BEGIN Data to examine

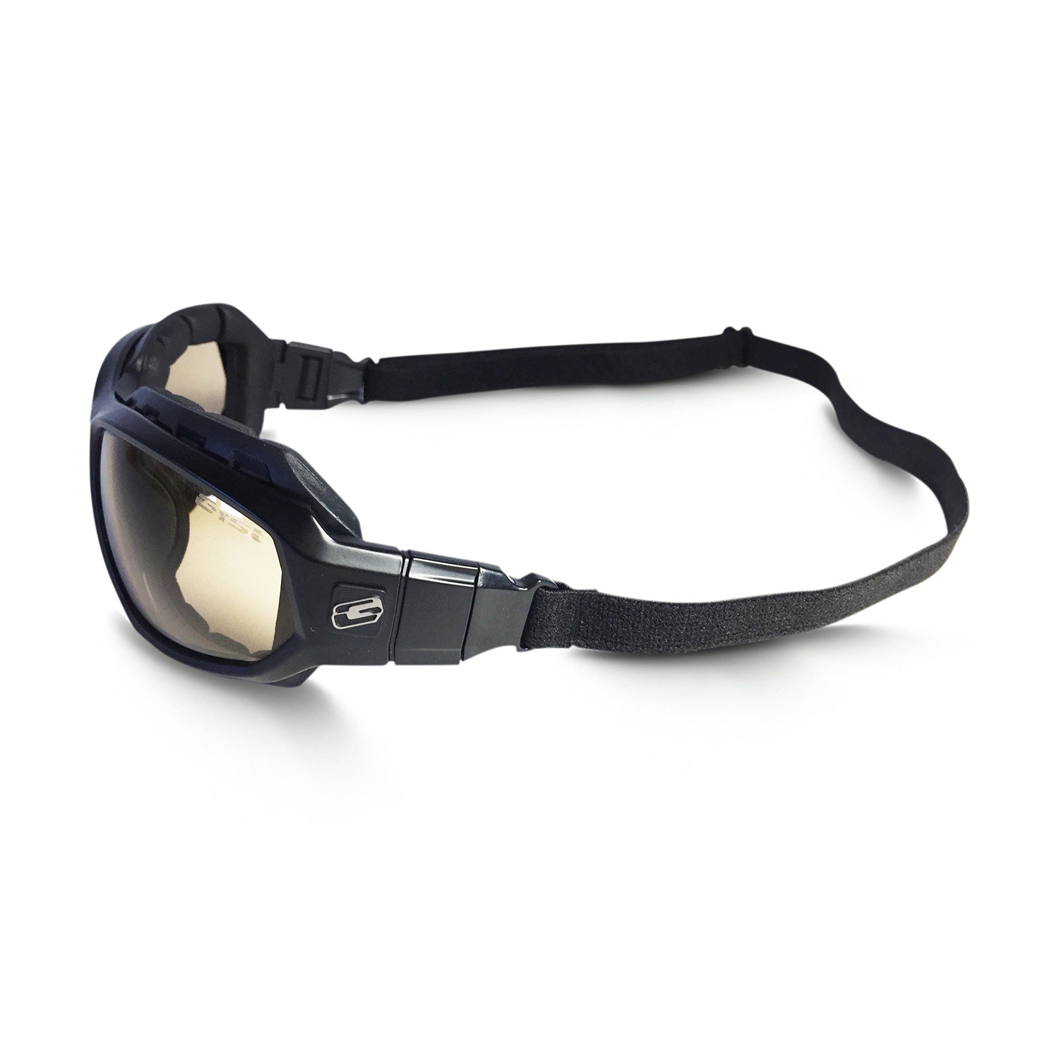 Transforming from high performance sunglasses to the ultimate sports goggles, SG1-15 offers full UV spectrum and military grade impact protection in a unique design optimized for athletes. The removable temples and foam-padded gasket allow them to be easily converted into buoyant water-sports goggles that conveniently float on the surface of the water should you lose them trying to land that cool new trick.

END Data to examine
BEGIN Data to examine

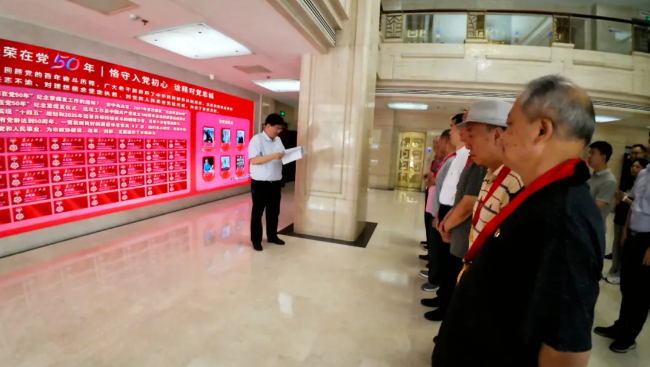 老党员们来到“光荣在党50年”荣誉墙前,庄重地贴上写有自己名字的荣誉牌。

END Data to examine
BEGIN Data to examine

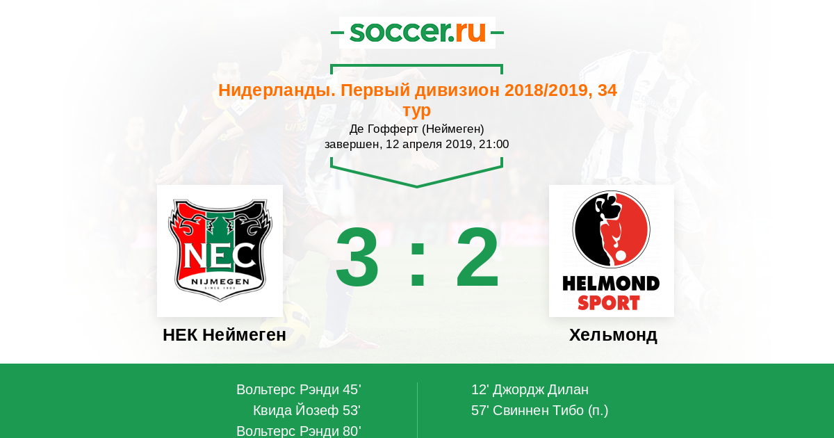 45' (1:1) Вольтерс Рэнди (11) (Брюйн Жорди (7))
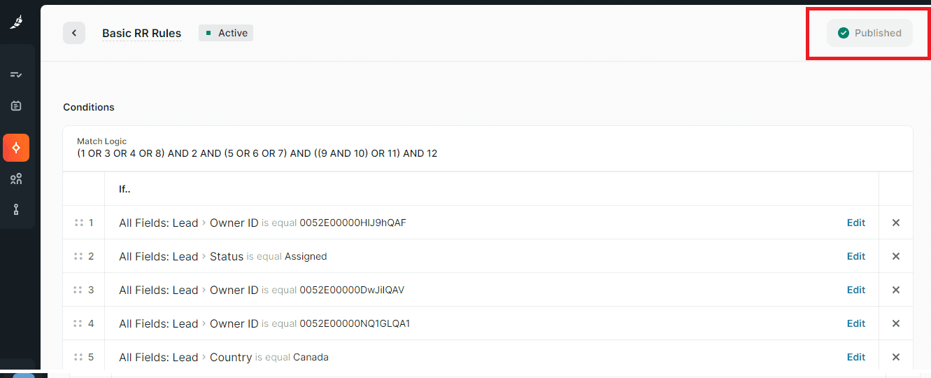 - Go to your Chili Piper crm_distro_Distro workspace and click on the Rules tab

END Data to examine

Your assignment: Reproduce the lines above beginning at the line that contains "45' (1:1) Вольтерс" and ending at the line that contains "- Go to your". No pictures.

Exercise output:
 45' (1:1) Вольтерс Рэнди (11) (Брюйн Жорди (7))
 - Go to your Chili Piper crm_distro_Distro workspace and click on the Rules tab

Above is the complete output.